Image 2 Actual Description: “The image shows a close-up view of a car’s exterior, specifically focusing on a damaged area. The damage is labeled as a “scratch.” The scratch appears to be quite severe, with visible paint removal and underlying material exposed. The scratch is located near the edge of a panel, possibly near the wheel well or a door seam. The surrounding paint is a metallic gray color, and the scratch reveals a yellowish layer beneath the surface. The damage is significant enough to be easily noticeable”.

When tested directly to our particular dataset without any fine-tuning, these descriptions demonstrate the limitations of the pre-trained Florence-2 base model. The damage depicted in the photos is not accurately reflected by the model, which frequently produces extraneous or inaccurate information.

Next, we need to prepare our dataset specifically for the task at hand. This involves creating a custom dataset class and adding a task prefix to construct the prompts appropriately.

from torch.utils.data import Dataset

class DamageCarDataset(Dataset):
    def __init__(self, data):
        self.data = data

    def __len__(self):
        return len(self.data)

    def __getitem__(self, idx):
        example = self.data[idx]
        prompt = "Describe the damage to the car."
        description = example['description']
        image = example['image']
        if image.mode != "RGB":
            image = image.convert("RGB")
        return prompt, description, image

# Create datasets
train_dataset = DamageCarDataset(data['train'])
val_dataset = DamageCarDataset(data['test'])

Now let’s move to fine-tuning. We will create our dataset, the data collator, and start training. In A100 with 40GB memory, we can set batch size of 6. If you’re training on T4 with 15GB VRAM, you can use batch size of 1 or 2 depending on the size of the model & dataset.

import os
from torch.utils.data import DataLoader
from tqdm import tqdm


def collate_fn(batch):
    prompts, descriptions, images = zip(*batch)
    inputs = processor(text=list(prompts), images=list(images), return_tensors="pt", padding=True).to(device)
    return inputs, descriptions

# Create DataLoader
batch_size = 2  # 6
num_workers = 0

train_loader = DataLoader(train_dataset, batch_size=batch_size, collate_fn=collate_fn, num_workers=num_workers, shuffle=True)
val_loader = DataLoader(val_dataset, batch_size=batch_size, collate_fn=collate_fn, num_workers=num_workers)

# Training Function
from transformers import (AdamW, AutoProcessor, get_scheduler)

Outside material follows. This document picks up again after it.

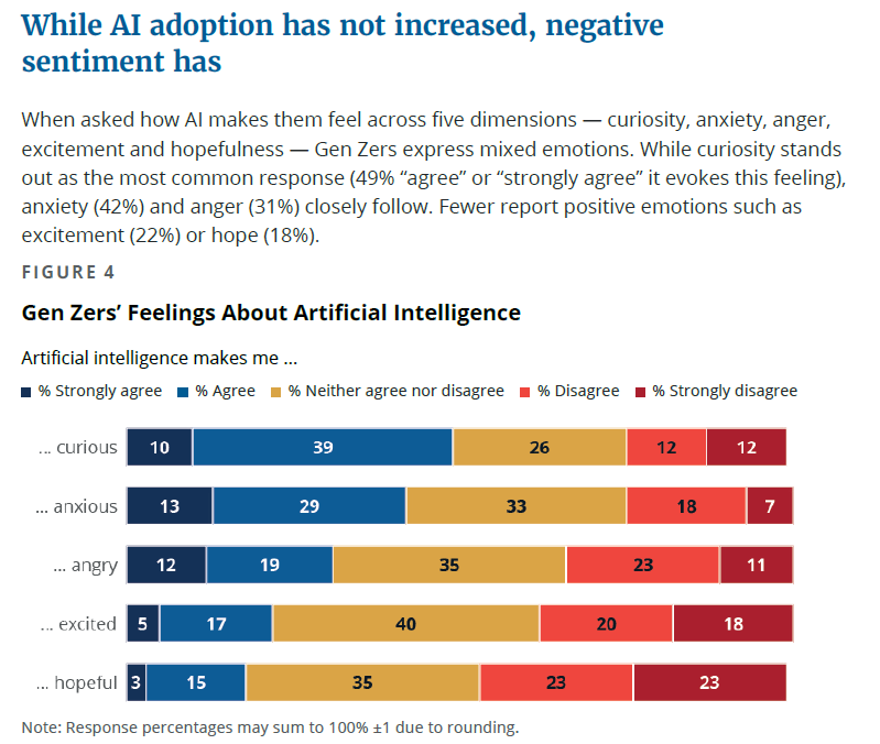 “The excitement (22%) and hopefulness (18%) that Gen Zers feel about using AI were already low last year and declined sharply this year, while anger (31%) increased and anxiety (42%) remained steady.”

def train_model(train_loader, val_loader, model, processor, epochs=10, lr=1e-6):
    optimizer = AdamW(model.parameters(), lr=lr)
    num_training_steps = epochs * len(train_loader)
    lr_scheduler = get_scheduler(
        name="linear",
        optimizer=optimizer,
        num_warmup_steps=0,
        num_training_steps=num_training_steps,
    )

    for epoch in range(epochs):
        model.train()
        train_loss = 0
        for batch in tqdm(train_loader, desc=f"Training Epoch {epoch + 1}/{epochs}"):
            inputs, descriptions = batch

            input_ids = inputs["input_ids"]
            pixel_values = inputs["pixel_values"]
            labels = processor.tokenizer(text=list(descriptions), return_tensors="pt", padding=True, return_token_type_ids=False).input_ids.to(device)

            outputs = model(input_ids=input_ids, pixel_values=pixel_values, labels=labels)
            loss = outputs.loss

            loss.backward()
            optimizer.step()
            lr_scheduler.step()
            optimizer.zero_grad()

            train_loss += loss.item()

        avg_train_loss = train_loss / len(train_loader)
        print(f"Average Training Loss: {avg_train_loss}")

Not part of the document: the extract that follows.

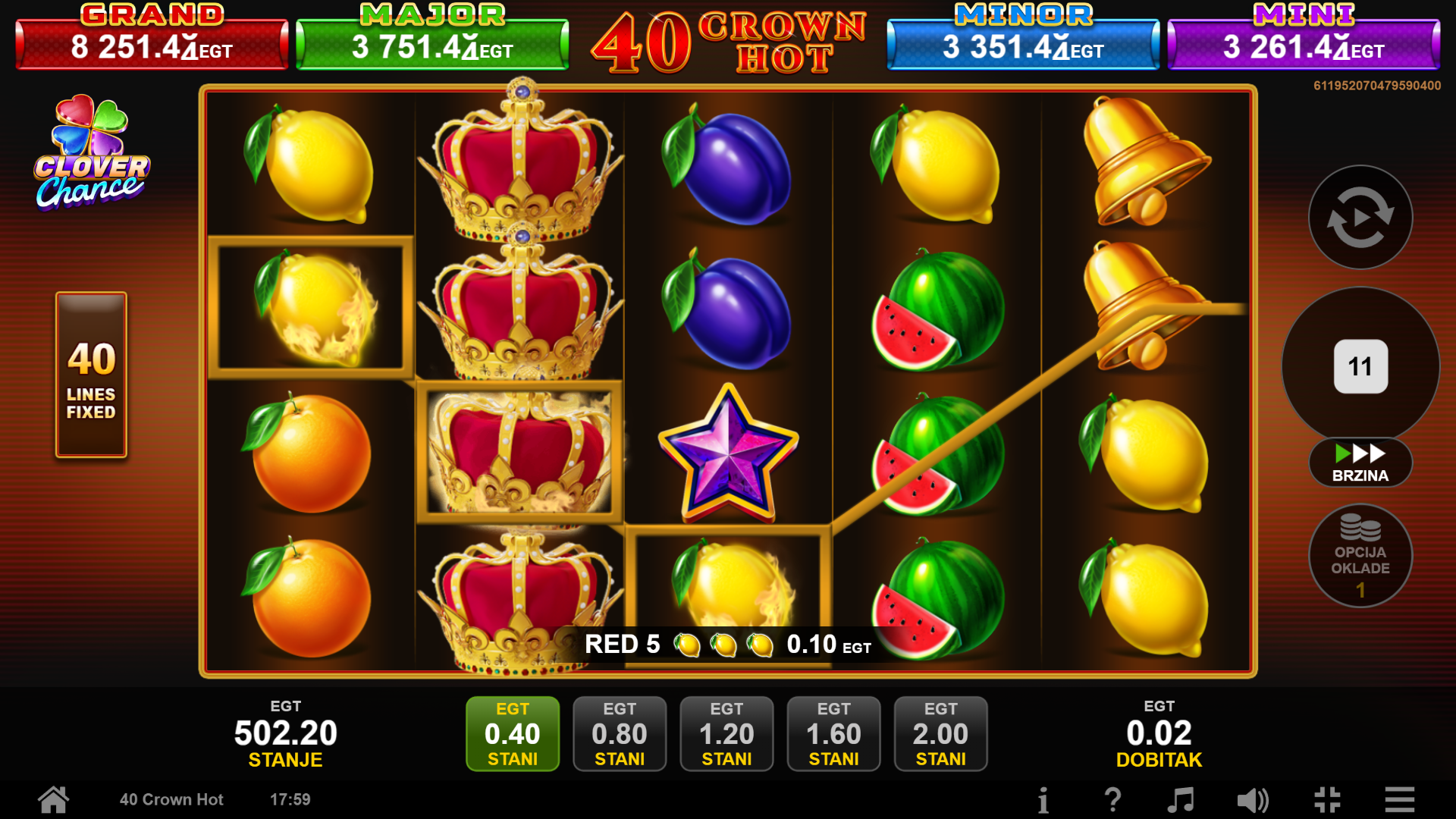 2. Ima li 40 Crown Hot Clover Chance jackpot?

        # Validation phase
        model.eval()
        val_loss = 0
        with torch.no_grad():
            for batch in tqdm(val_loader, desc=f"Validation Epoch {epoch + 1}/{epochs}"):
                inputs, descriptions = batch

                input_ids = inputs["input_ids"]
                pixel_values = inputs["pixel_values"]
                labels = processor.tokenizer(text=list(descriptions), return_tensors="pt", padding=True, return_token_type_ids=False).input_ids.to(device)

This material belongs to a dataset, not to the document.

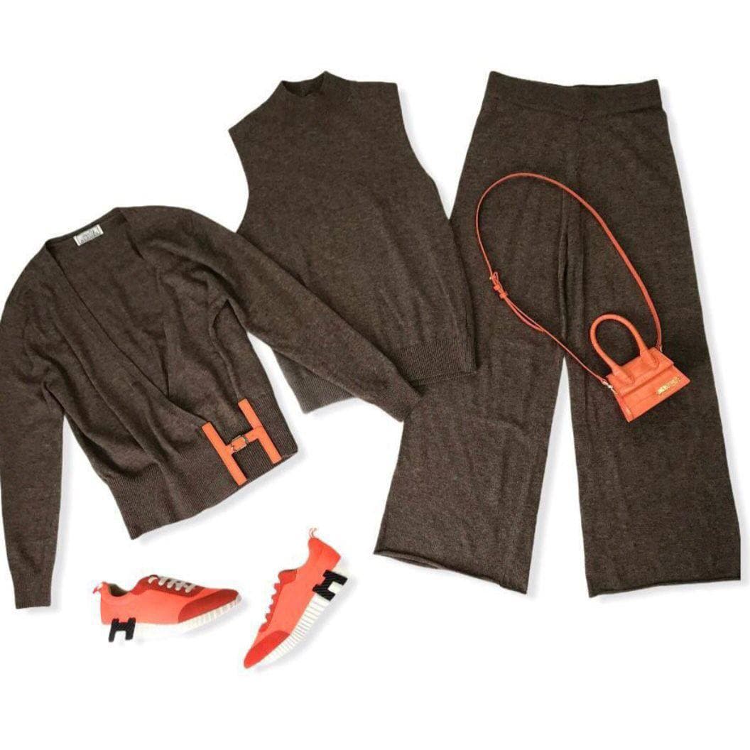 Костюм женский Hermes LUX-61843 представляет собой элегантный и современный ансамбль, сочетающий в себе утонченность бренда Hermes и актуальные тенденции моды. Комплект выполнен в спокойном коричневом цвете, а контрастные оранжевые детали, в виде фирменного логотипа "H" на кардигане и обуви, добавляют образу динамичности и запоминаемости. Этот костюм идеально подходит для создания стильных повседневных или расслабленных вечерних образов.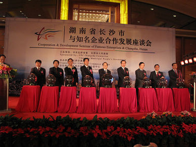 全國人大常委會原副委員長蔣正華在會上發(fā)表了講話。他認(rèn)為長沙在克服金融危機(jī)影響、實(shí)現(xiàn)又好又快發(fā)展上取得了令人稱道的成績,希望有實(shí)力的企業(yè)多到長沙看看,加強(qiáng)與長沙的交流合作,實(shí)現(xiàn)互利雙贏。中共湖南省委常委、長沙市委書記陳潤兒在會上介紹了長沙的發(fā)展成就和投資優(yōu)勢,表達(dá)了加強(qiáng)長沙與知名企業(yè)合作,實(shí)現(xiàn)互利共贏的良好愿望。會議由長沙市委副書記、市長張劍飛主持。

                outputs = model(input_ids=input_ids, pixel_values=pixel_values, labels=labels)
                loss = outputs.loss

                val_loss += loss.item()

        avg_val_loss = val_loss / len(val_loader)
        print(f"Average Validation Loss: {avg_val_loss}")

        # Save model checkpoint
        output_dir = f"./model_checkpoints/epoch_{epoch+1}"
        os.makedirs(output_dir, exist_ok=True)
        model.save_pretrained(output_dir)
        processor.save_pretrained(output_dir)

After training, we will push the model to Hugging Face Hub . To do so, we need to login first with write access. Make sure to pass fine-grained token (by first creating the repository and setting up fine-grained token access).

Amr Saafan 8 个月前

LLMs, Embeddings, Vector Search and More!

Pavan Belagatti 9 个月前

??Top ML Papers of the Week

DAIR.AI 8 个月前

from huggingface_hub import notebook_login

notebook_login()

Once you logged in you will get output.

Token is valid (permission: fineGrained)

In the last step, we will freeze image encoder for this tutorial. Although in the paper they have reported improvement in unfreezing image encoder, but note that this will result in extra resource usage. Author's describe a performance improvement when fine-tuning with an unfrozen image encoder, compared with freezing it.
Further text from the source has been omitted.